**Work to be completed**.
Begin with the first line below and retype each line exactly through the line containing "- Bolsa de microfibra". Any pictures are to be left out.

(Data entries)
+++

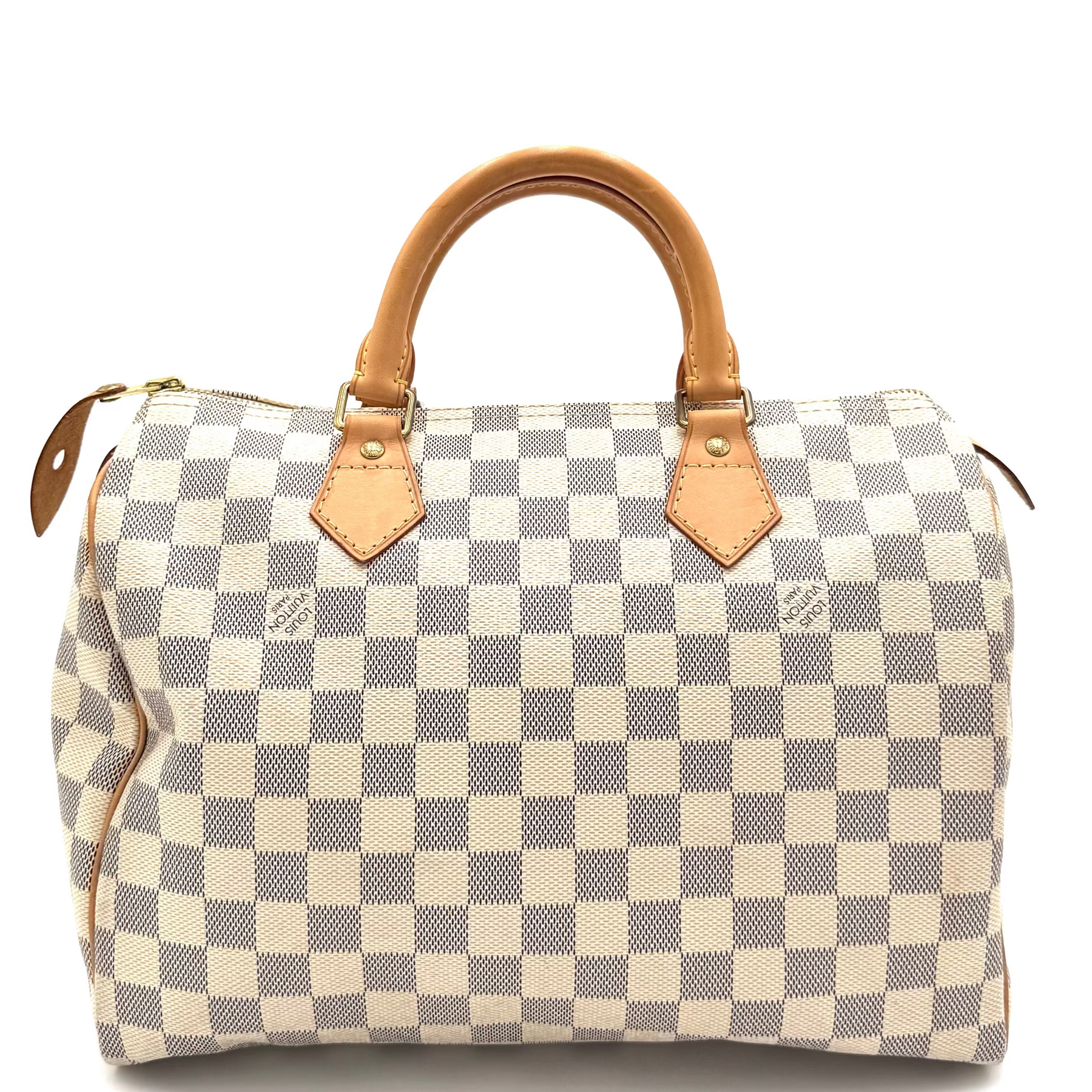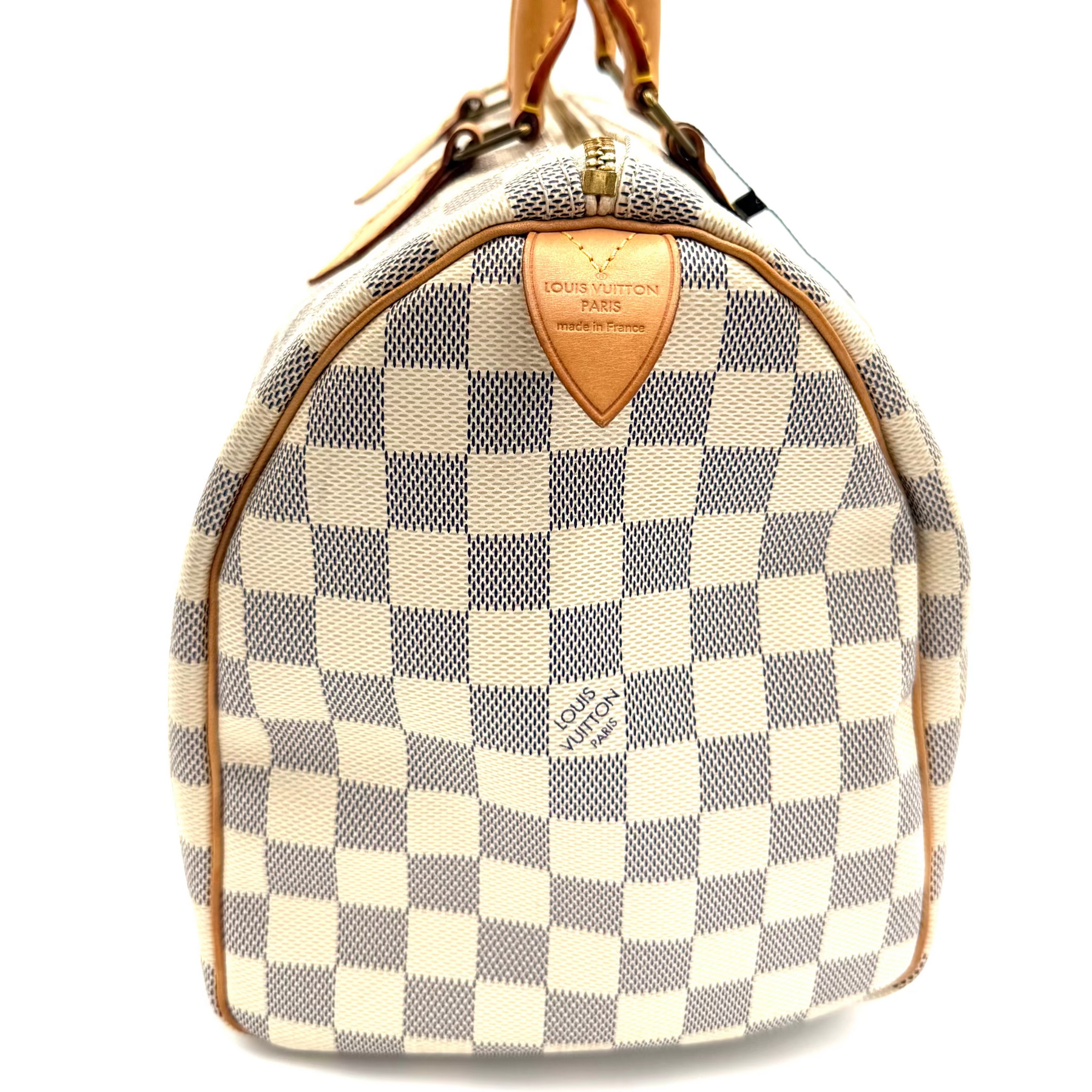 Timeless elegance meets everyday functionality with this authentic Louis Vuitton Speedy 30 in the fresh and feminine Damier Azur canvas. Introduced in the 1930s as Louis Vuitton’s first handbag, the Speedy was designed as a smaller version of the Keepall travel bag—crafted for life on the go. Famously carried by style icons like Audrey Hepburn, the Speedy has since become one of the most enduring and beloved bags in fashion history.
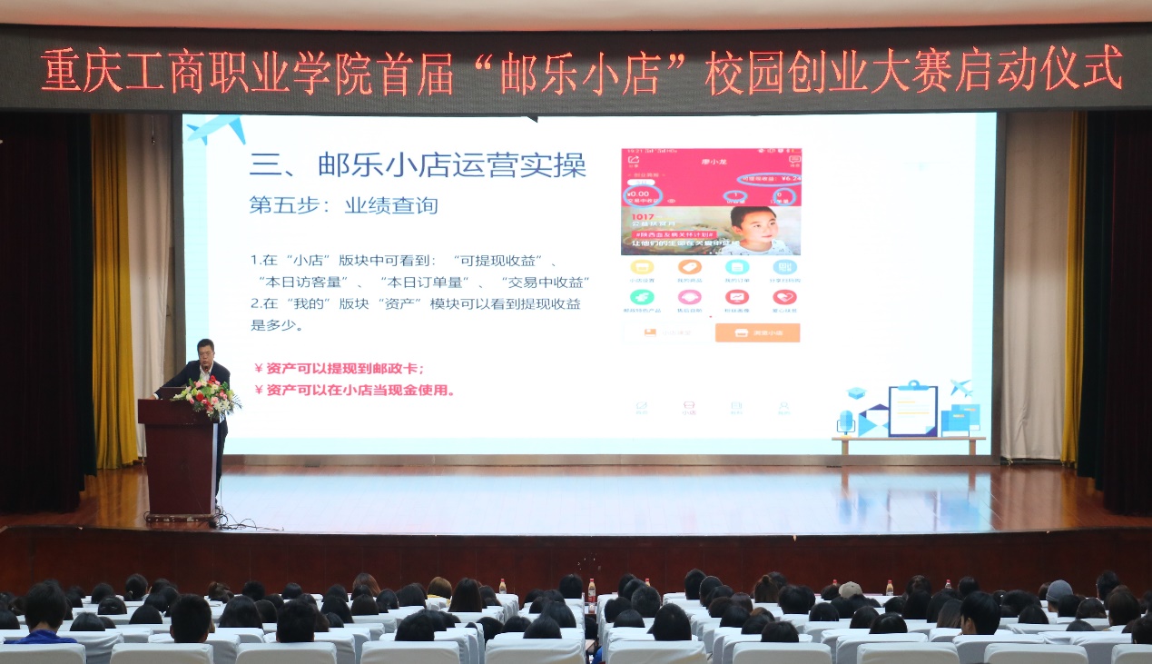 为支持大学生们自主创业,同时培养创新意识、提升创业能力,11月8日下午,由重庆工商职业学院主办,中国邮政集团合川片区分公司与管理学院联合承办的2019年首届“邮乐小店”创业大赛启动仪式在合川校区成功举行。本次大赛既是我校与中国邮政集团校企合作的重要内容,也是我校首次尝试通过创业大赛的形式开展全校性的“第二课堂”活动。
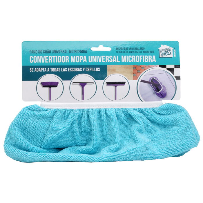 - Bolsa de microfibra con una goma en la parte superior que se adapta a todos los cepillos y escobas, convirtiéndolos en una mopa.
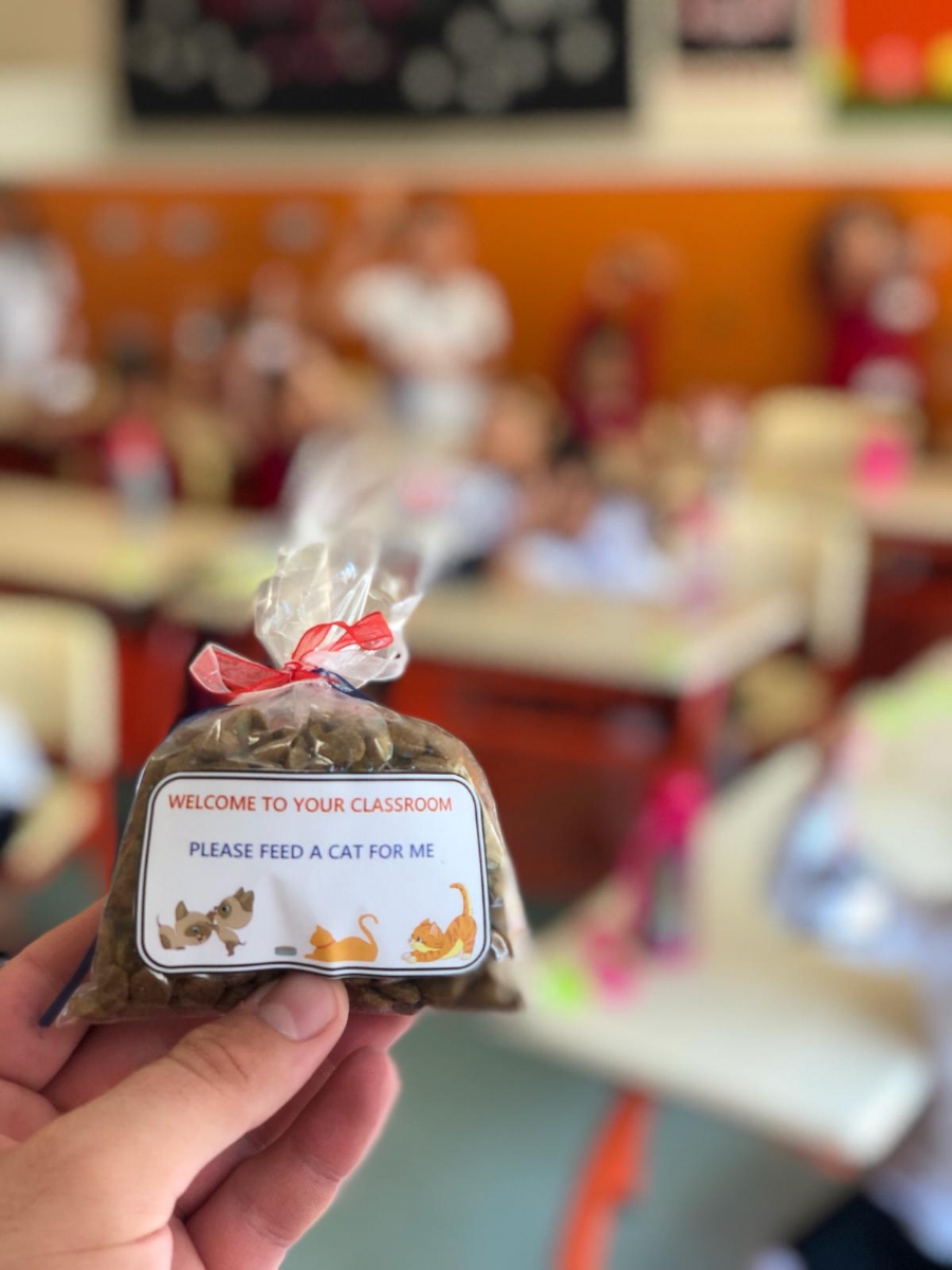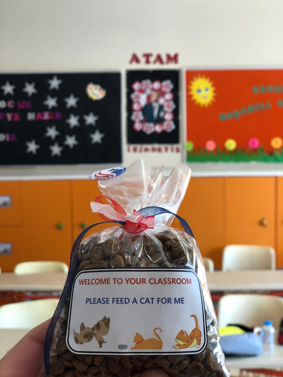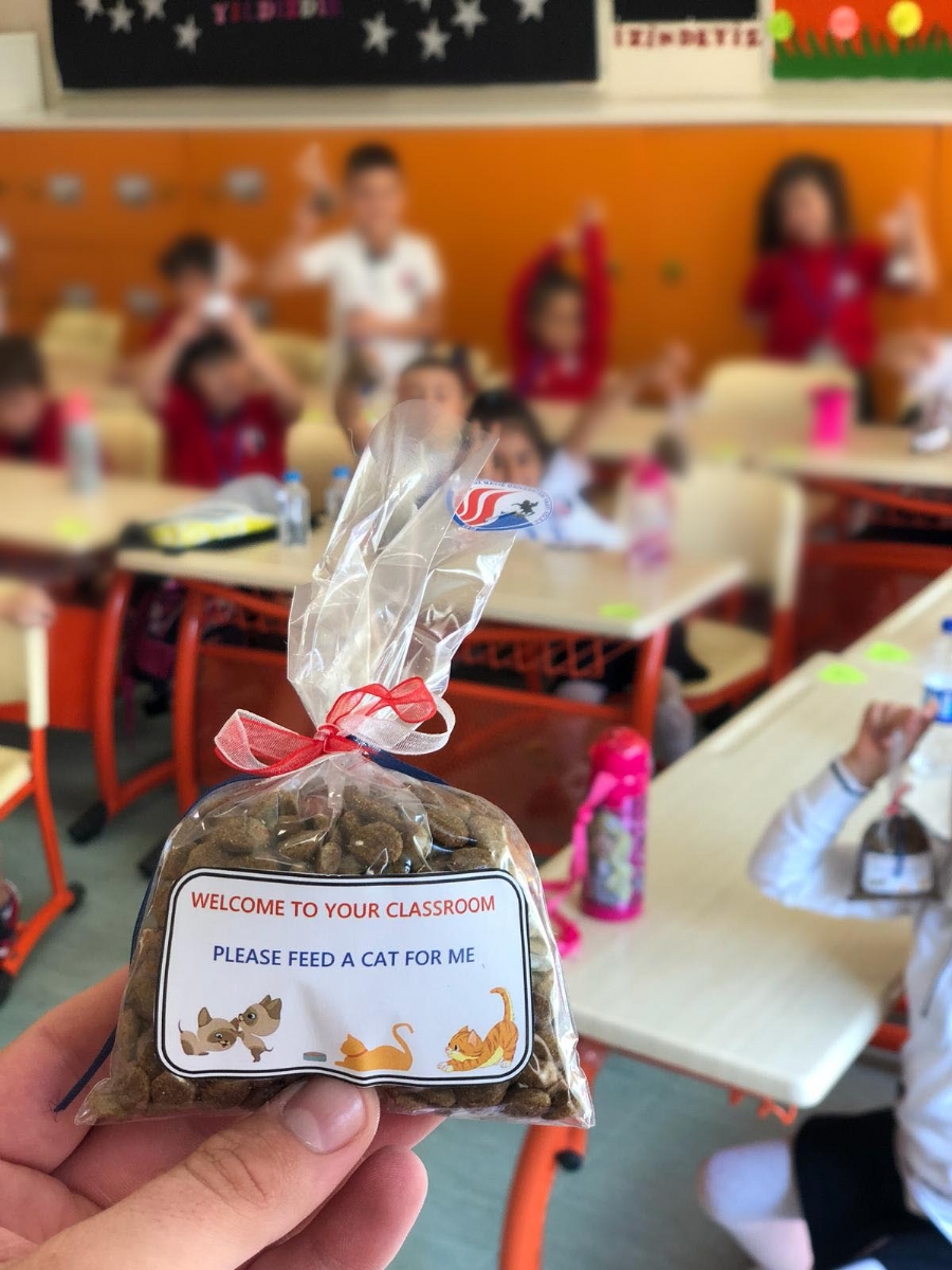 Tanışma etkinliği ile geçirilen günün sonunda çocuklara sokak kedilerine ulaştırılmak üzere hazırlanan kedi mamaları dağıtıldı. Eğitim-Öğretim yanında değerler eğitimi kapsamında hayvan sevgisi aşılamak amacı ile yapılan bu etkinlik çocuklar tarafından mutlulukla karşılandı.
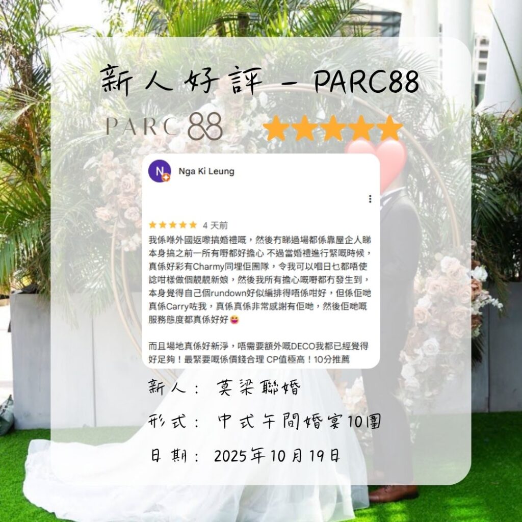 我係喺外國返嚟搞婚禮嘅,然後冇睇過場都係靠屋企人睇 本身搞之前一所有嘢都好擔心 不過當婚禮進行緊嘅時候,真係好彩有Charmy同埋佢團隊,令我可以嗰日乜都唔使諗咁樣做個靚靚新娘,然後我所有擔心嘅嘢都冇發生到,本身覺得自己個rundown好似編排得唔係咁好,但係佢哋真係Carry咗我,真係真係非常感謝有佢哋,然後佢哋嘅服務態度都真係好好😆
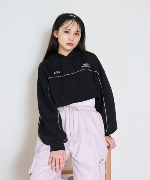 裏起毛の短丈パーカと長袖テレコTシャツのセットです。
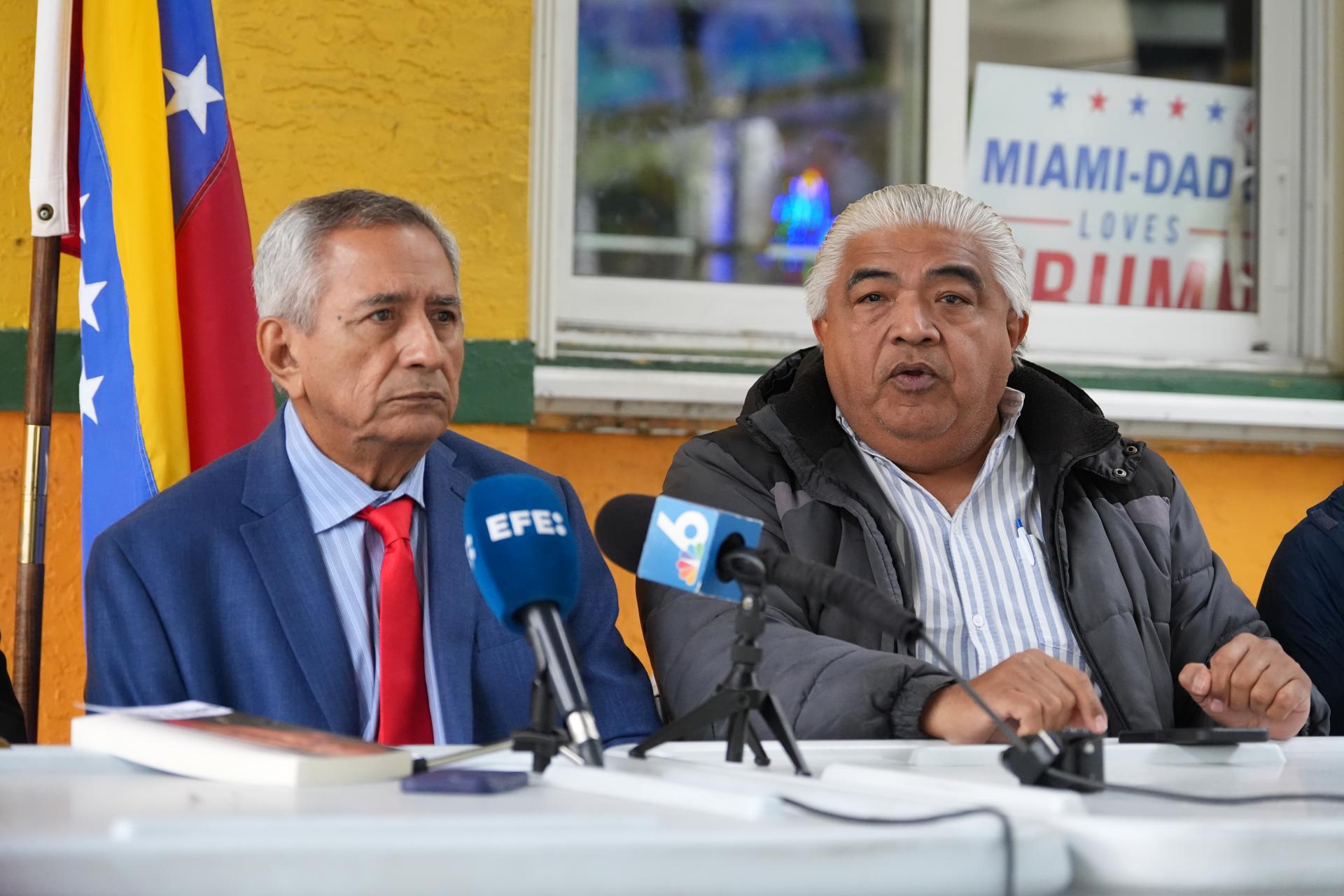 El presidente de la Coalición Internacional por Venezuela, Freddy Solorzano (d), habla junto al exdiputado venezolano Pablo Medina durante una rueda de prensa el 21 de enero, en Doral, Florida, Estados Unidos. (EFE/ Alberto Boal)Maduro y Flores comparecieron el 5 de enero en un tribunal en Manhattan, tras una imputación por varios cargos de conspiración para cometer narcoterrorismo, conspiración para llevar drogas ilícitas hacia Estados Unidos, posesión de armas y dispositivos destructivos, así como a la posibilidad de pasar décadas en prisión.
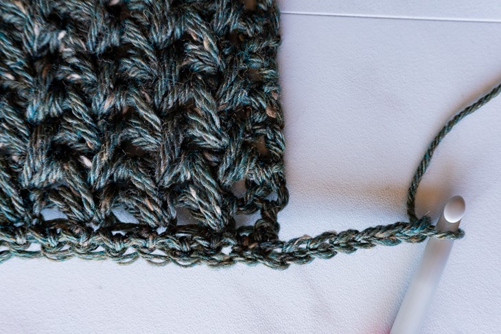 The hood is optional, but adds so much warmth. If adding the hood, do so before starting the edging. Attach yarn in top right corner, looking at outside of cape.
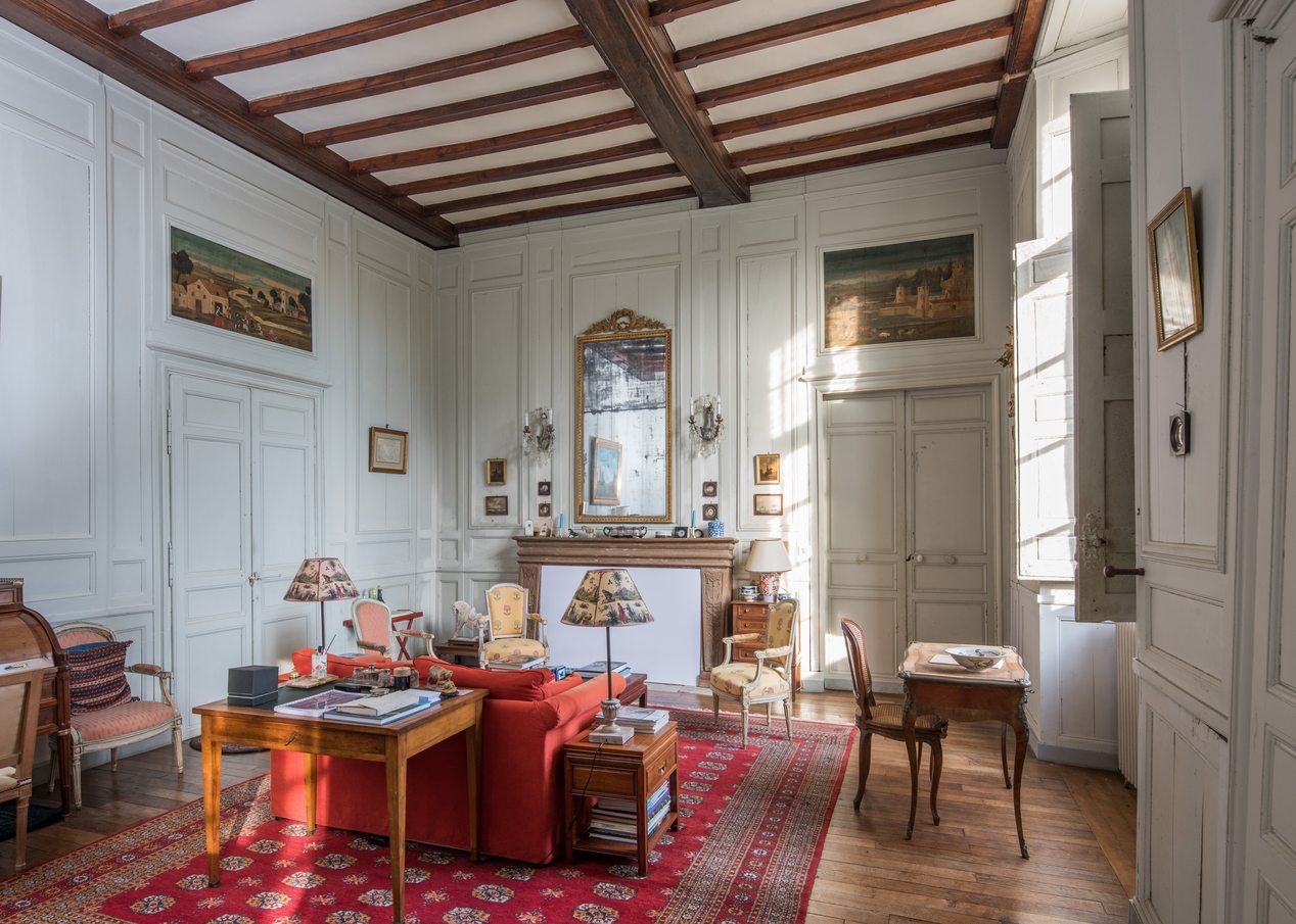Premier salon de l'aile est au rez-de-chaussée : salon aux boiseries du 18e siècle avec des panneaux peints en imposte.Immatriculation
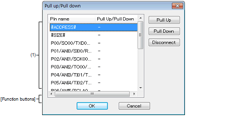 This dialog box is used to set or change the pin connection information of the pull-up/pull-down resistors, which are one of the connection parts of the I/O Panel window.

+++

**Your response**.
 Timeless elegance meets everyday functionality with this authentic Louis Vuitton Speedy 30 in the fresh and feminine Damier Azur canvas. Introduced in the 1930s as Louis Vuitton’s first handbag, the Speedy was designed as a smaller version of the Keepall travel bag—crafted for life on the go. Famously carried by style icons like Audrey Hepburn, the Speedy has since become one of the most enduring and beloved bags in fashion history.
 为支持大学生们自主创业,同时培养创新意识、提升创业能力,11月8日下午,由重庆工商职业学院主办,中国邮政集团合川片区分公司与管理学院联合承办的2019年首届“邮乐小店”创业大赛启动仪式在合川校区成功举行。本次大赛既是我校与中国邮政集团校企合作的重要内容,也是我校首次尝试通过创业大赛的形式开展全校性的“第二课堂”活动。
 - Bolsa de microfibra con una goma en la parte superior que se adapta a todos los cepillos y escobas, convirtiéndolos en una mopa.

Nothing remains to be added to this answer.